DATA SECTION section start

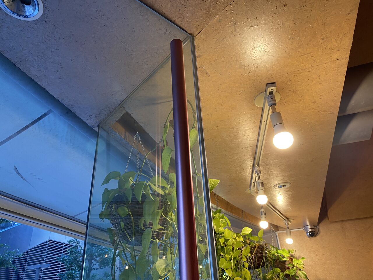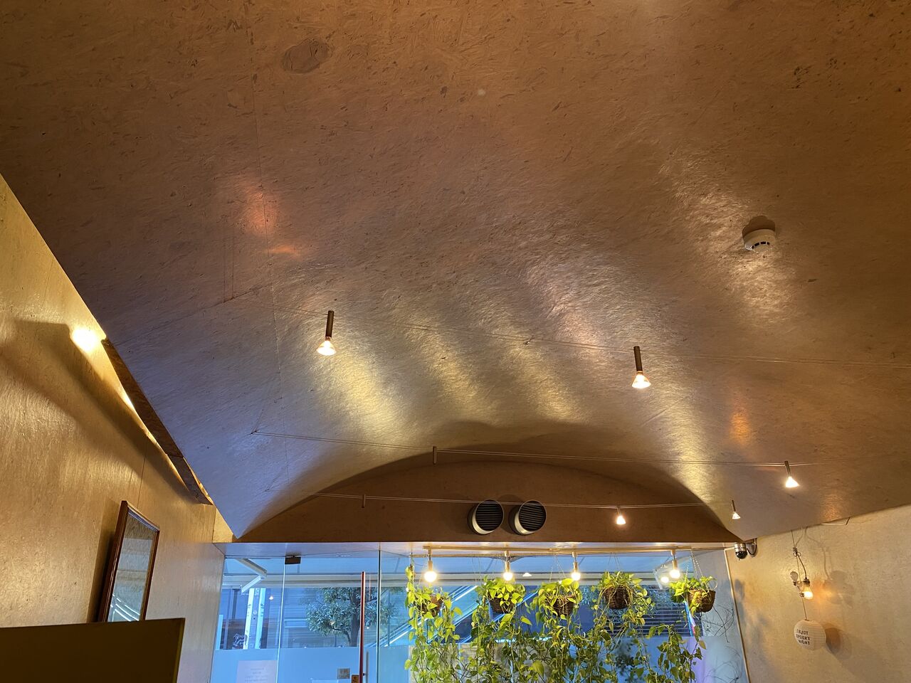 壁もOSB。火災時にどこまで損傷を負ったのか、当時のままの部分はどこなのか詳しくは分かりませんが、ランチは美味しくて倉俣さんのデザインを随所に感じられるお店でした。
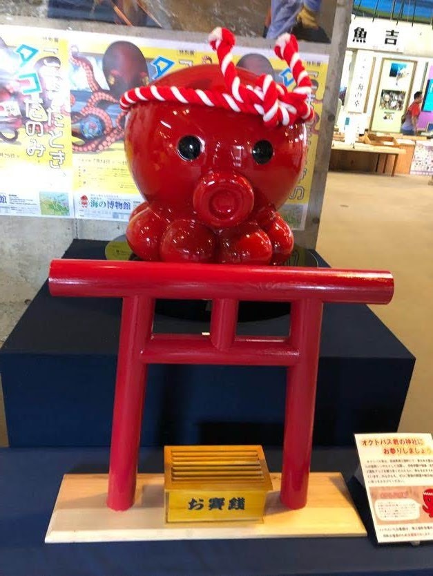 タコのプチ神社もあったり、可愛いグッズも展示しており、一部は販売もしています。
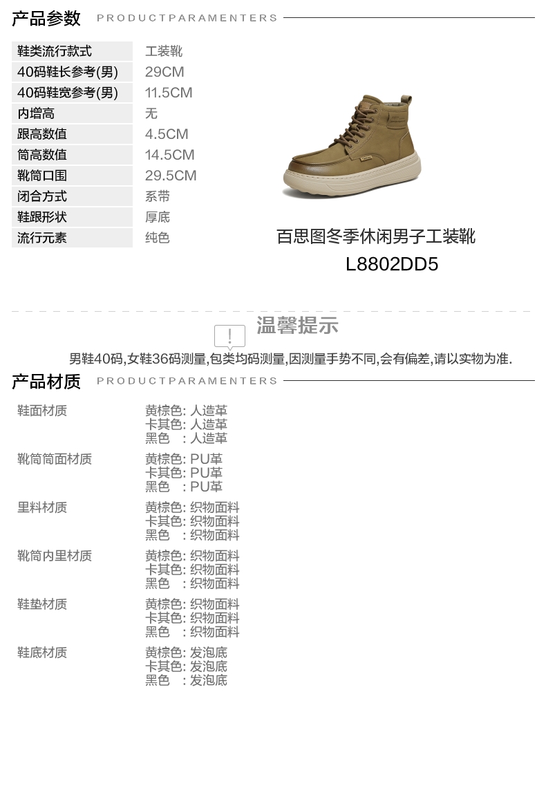 | 闭合方式:系带 | 40码鞋宽参考(男):11.5CM | 靴筒口围:29.5CM | 上市时间:2025年冬季 | 鞋类流行款式:工装靴 |
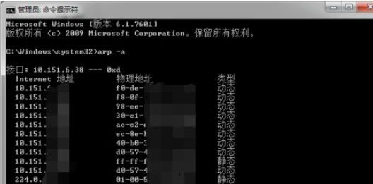 在命令提示符中輸入“arp -a”并回車;自動在緩存中,讀取IP地址和mac地址的對應關系表;
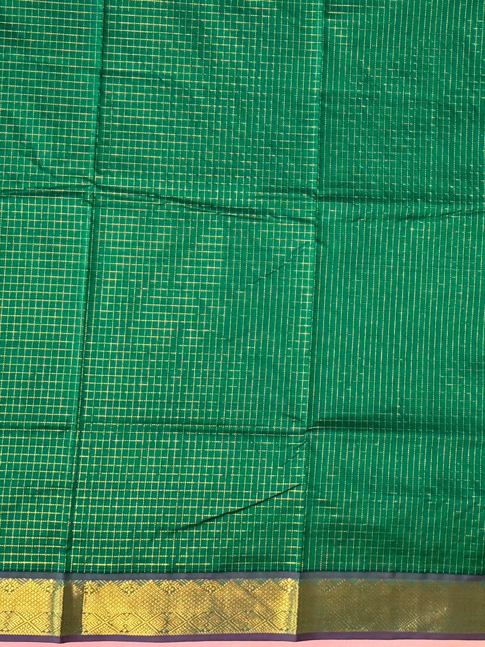Madisar Semi Silk Cotton Checked Saree In Green And Magentha With Traditional Border
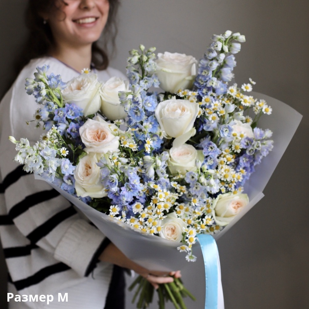 M 10 garden roses + 10 delphiniums + 15 chamomile
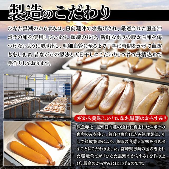 ひなた黒潮のからすみは、日向灘沖で水揚げされ、厳選された国産沖ボラの卵を使用しています。
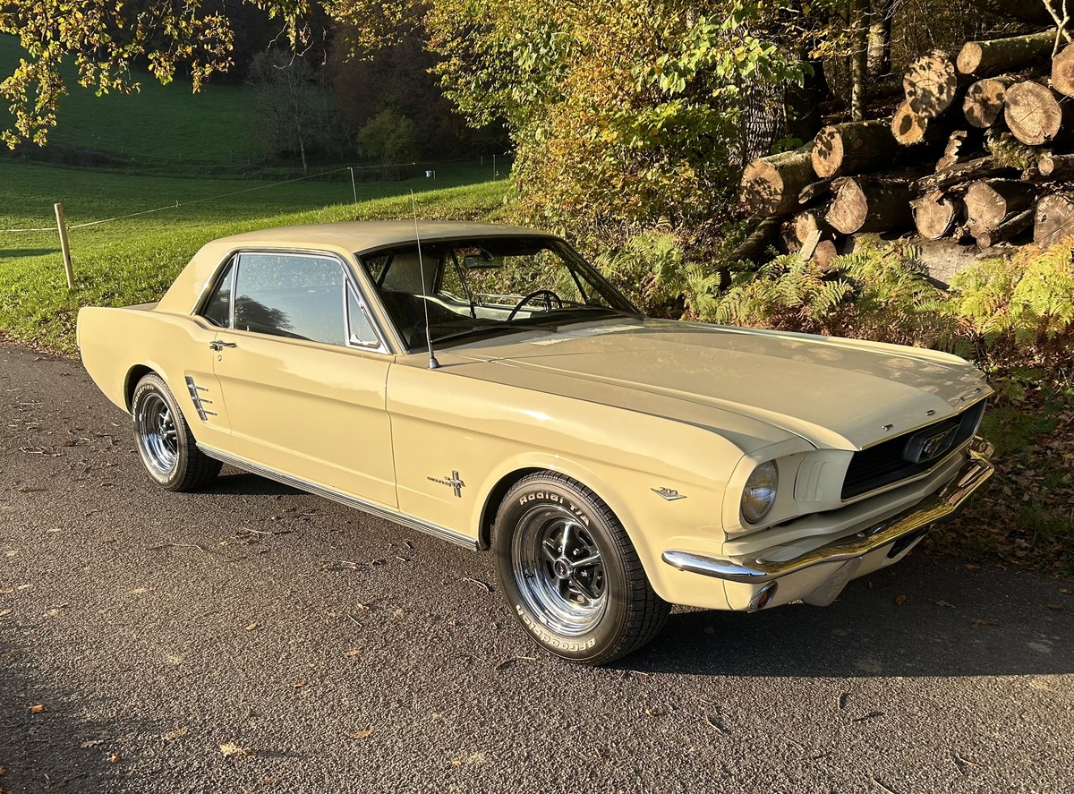 Im Frühling 1964 stellte Ford den neuen Mustang vor. Dieser wurden von Anfang an zu einem grossen Erfolg. Vor allem die ersten Versionen sind als Oldtimer beliebt. Der angebotene Wagen wurde im September 1966 erstmals zugelassen. Leider ist über seine Geschichte kaum etwas bekannt. Bis 2014 war er Belgien immatrikuliert und kam nach einer Versteigerung in die Schweiz. Im Februar 24 wurde er für den schweizer Verkehr zugelassen. Der Wagen hat Edelbrock E-Street Zylinderköpfe, Ansaugspinne und Vergaser von Edelbrock und eine Magnaflow- Auspuffanlage. Speed und Sound sind damit wie man es erwartet. Die Karosserie des Mustang ist rostfrei, aber die Lackierung nicht perfekt.

DATA SECTION section end

GOAL OF THE EXERCISE
Each record above needs to be retyped exactly, without any pictures.

ANSWER SECTION
 壁もOSB。火災時にどこまで損傷を負ったのか、当時のままの部分はどこなのか詳しくは分かりませんが、ランチは美味しくて倉俣さんのデザインを随所に感じられるお店でした。
 タコのプチ神社もあったり、可愛いグッズも展示しており、一部は販売もしています。
 | 闭合方式:系带 | 40码鞋宽参考(男):11.5CM | 靴筒口围:29.5CM | 上市时间:2025年冬季 | 鞋类流行款式:工装靴 |
 在命令提示符中輸入“arp -a”并回車;自動在緩存中,讀取IP地址和mac地址的對應關系表;
Madisar Semi Silk Cotton Checked Saree In Green And Magentha With Traditional Border
 M 10 garden roses + 10 delphiniums + 15 chamomile
 ひなた黒潮のからすみは、日向灘沖で水揚げされ、厳選された国産沖ボラの卵を使用しています。
 Im Frühling 1964 stellte Ford den neuen Mustang vor. Dieser wurden von Anfang an zu einem grossen Erfolg. Vor allem die ersten Versionen sind als Oldtimer beliebt. Der angebotene Wagen wurde im September 1966 erstmals zugelassen. Leider ist über seine Geschichte kaum etwas bekannt. Bis 2014 war er Belgien immatrikuliert und kam nach einer Versteigerung in die Schweiz. Im Februar 24 wurde er für den schweizer Verkehr zugelassen. Der Wagen hat Edelbrock E-Street Zylinderköpfe, Ansaugspinne und Vergaser von Edelbrock und eine Magnaflow- Auspuffanlage. Speed und Sound sind damit wie man es erwartet. Die Karosserie des Mustang ist rostfrei, aber die Lackierung nicht perfekt.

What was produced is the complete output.